MATERIALS AND METHODS

Sample collection.

Normal plasma samples were obtained from five healthy koalas in the collection of Taronga Zoo (Sydney, New South Wales, Australia), a quarantined, Chlamydia-free population (noninfected captive [NC]). Wild subjects were adult female, sick or injured koalas brought to a koala hospital from an area encompassing a 100-km radius of Brisbane, Australia. During March and October of 2001 and 2002, koalas were anaesthetized (Zoletil; Virbac, Australia) and examined by hospital staff. If the koalas were unsuitable for treatment and release, blood was collected, and euthanasia was performed by injection of barbiturate (Lethabarb; Arnolds, Australia). The resulting sample of 34 koalas was not intended to represent admissions to the hospital but represented as wide a range of pathological states as possible. A detailed postmortem examination was performed within 1 hour of euthanasia, and tissues from all major organs were fixed in 10% neutral buffered formalin. Because it was considered possible that severe debilitation or old age might confound results by restricting immunoglobulin production, condition score, age, and plasma proteins were assessed for correlation with antibody titers. Condition score was assessed by palpation of the infra- and supraspinatus muscles and graded from 1 (emaciated) to 10 (excellent condition), and age was estimated from tooth wear (28). Total plasma protein was measured by the biuret method, albumin was measured by the bromocresyl green method, and globulin was derived by subtraction. In addition, Beagley and Gockel suggest that reproductive state might influence antibody production (1). Therefore, animals were also classified as luteal (corpus luteum exceeding 4-mm diameter), estrous (follicle exceeding 4-mm diameter or ruptured, nonluteinized follicle) or reproductively inactive (ovary necrosed or replaced by fibrosis or without structures exceeding 4-mm diameter) (21).

Histopathology.

Histological examination was performed on hematoxylin-and-eosin-stained sections of all tissues collected.
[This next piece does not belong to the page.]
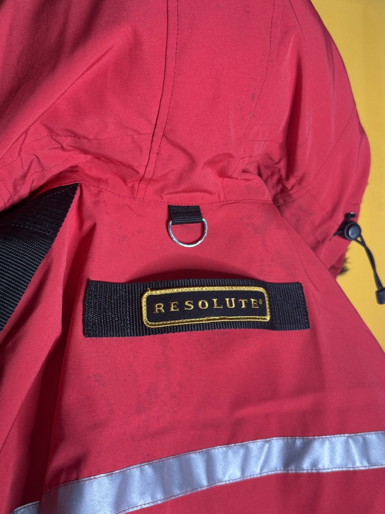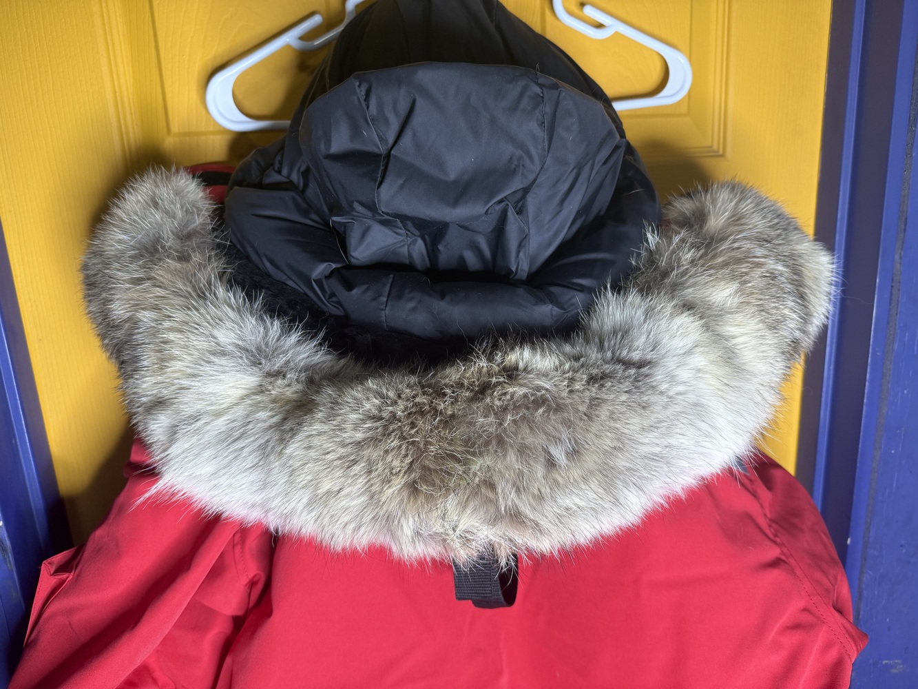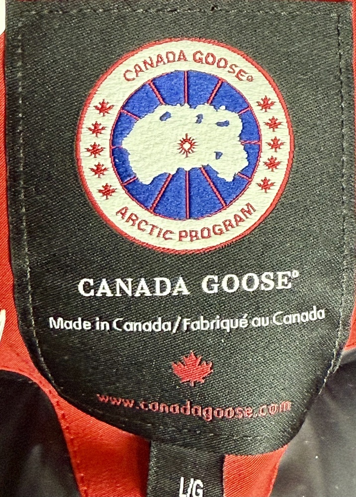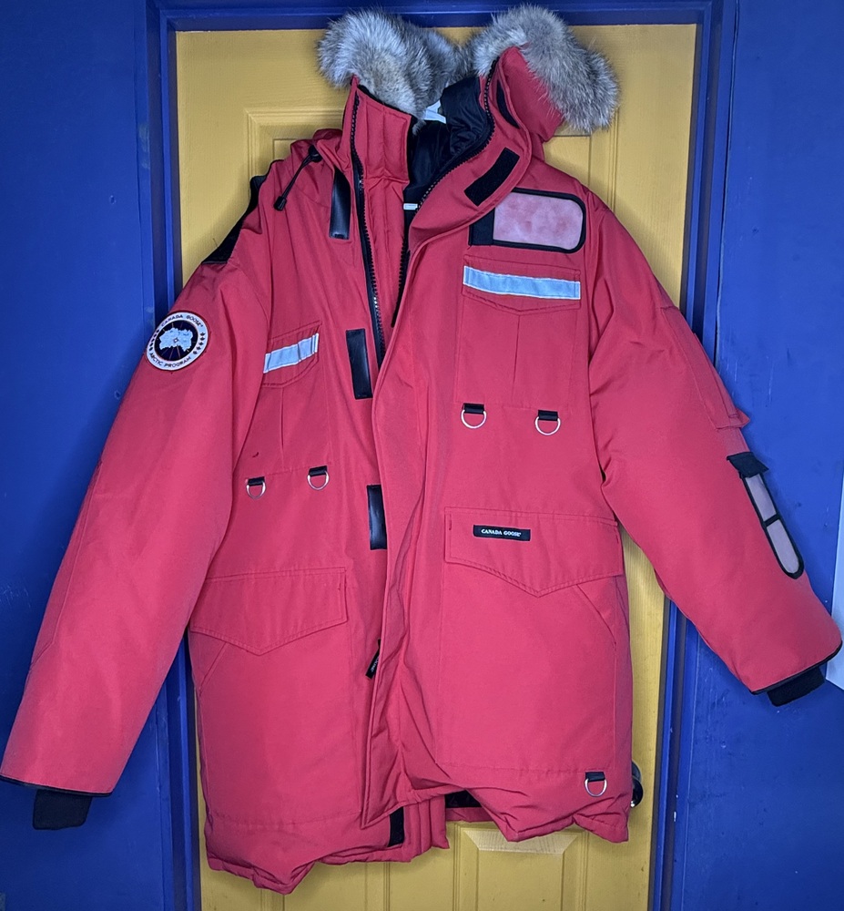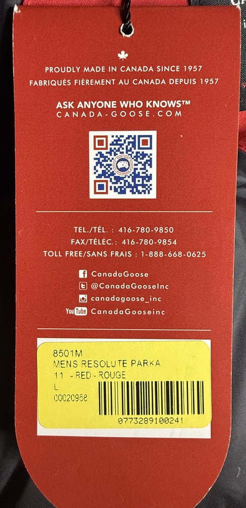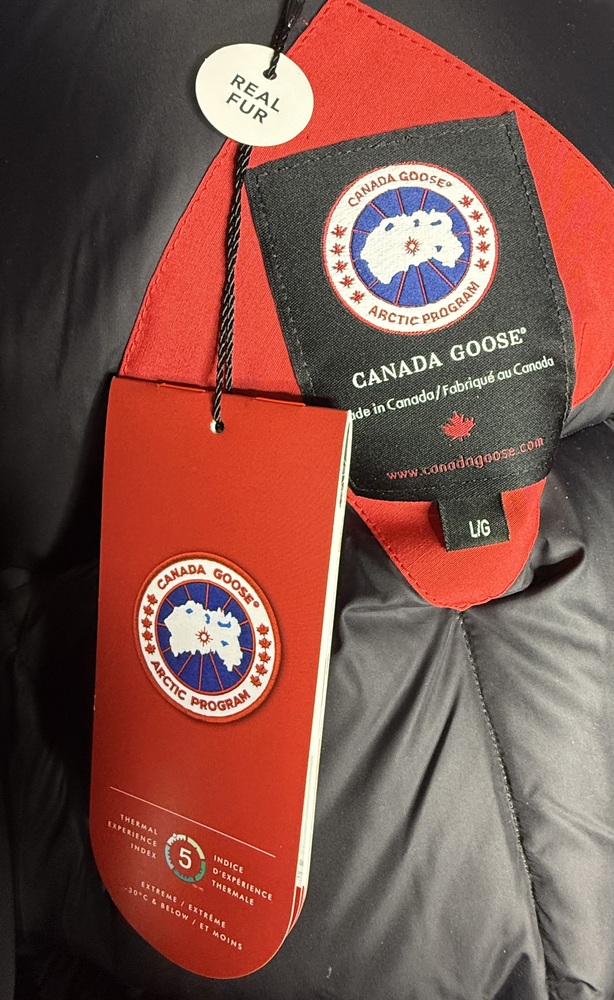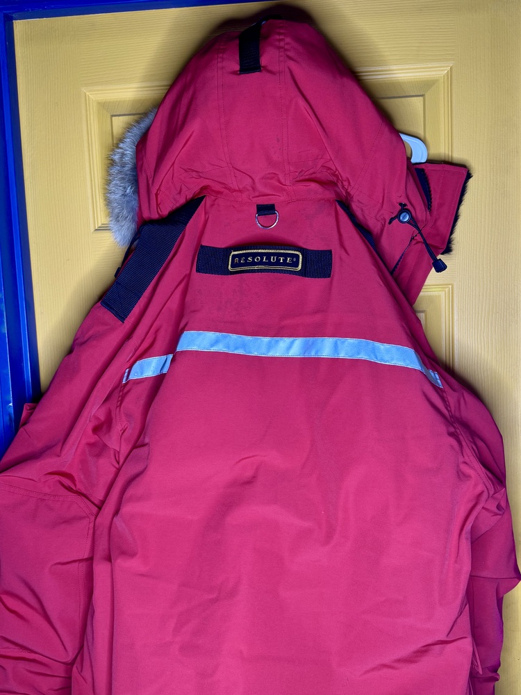 Tagged Canada Goose Men's Resolute Parka. Durable, weather-resistant design. Features high-performance Arctic-Tech fabric, comfortable mid-thigh length, adjustable waist ideal for extreme cold weather. Notable goose down insulation and removable fur-trimmed hood. Stylish and warm.

For the urogenital tract, these included the following: transverse sections of the urogenital sinus, vaginal complex, cervices, and uteri; ovary through the largest ovarian structure; uterine tube sectioned along its axis to include several transverse sections of the tortuous duct; and bladder.

PCR for detection of chlamydial DNA from swabs.

DNA was extracted from swabs of urogenital sinus and conjunctiva using the QiaAmp Mini kit (QIAGEN Pty Ltd., Australia) according to the manufacturer's recommendations, and the 50-μl eluate was stored at −20°C. The PCR method was a modification of the genus-specific method described by Girjes et al. (12). Reaction mixtures of 49 μl contained 200 μM of each deoxynucleoside triphosphate, 500 μM of each primer, 2.5 mM MgCl2 and 1, 2, and 5 μl DNA template in PCR buffer. These were denatured (95°C, 8 min) and then cooled to 62°C before 1 U Taq DNA polymerase was added. A touch-down PCR was performed, comprising denaturation (95°C, 60 s), annealing (starting with 60 s at 66°C and reducing the temperature by 2°C every two cycles to 56°C, then 60 s at 56°C for 35 cycles), and extension (72°C, 60 s); then final extension (72°C, 5 min). PCR product was separated by electrophoresis on a 4% high-resolution agarose gel (J234-100G; Amresco, Solon, Ohio) in Tris-acetate-EDTA (TAE) buffer at 90 V/90 mA for 45 min and visualized by staining with ethidium bromide. All samples were assayed in duplicate, and concurrent with DNA extracts of plain phosphate-buffered saline (PBS) and a dilution of C. pneumoniae DNA that approximated the sensitivity limit of the reaction.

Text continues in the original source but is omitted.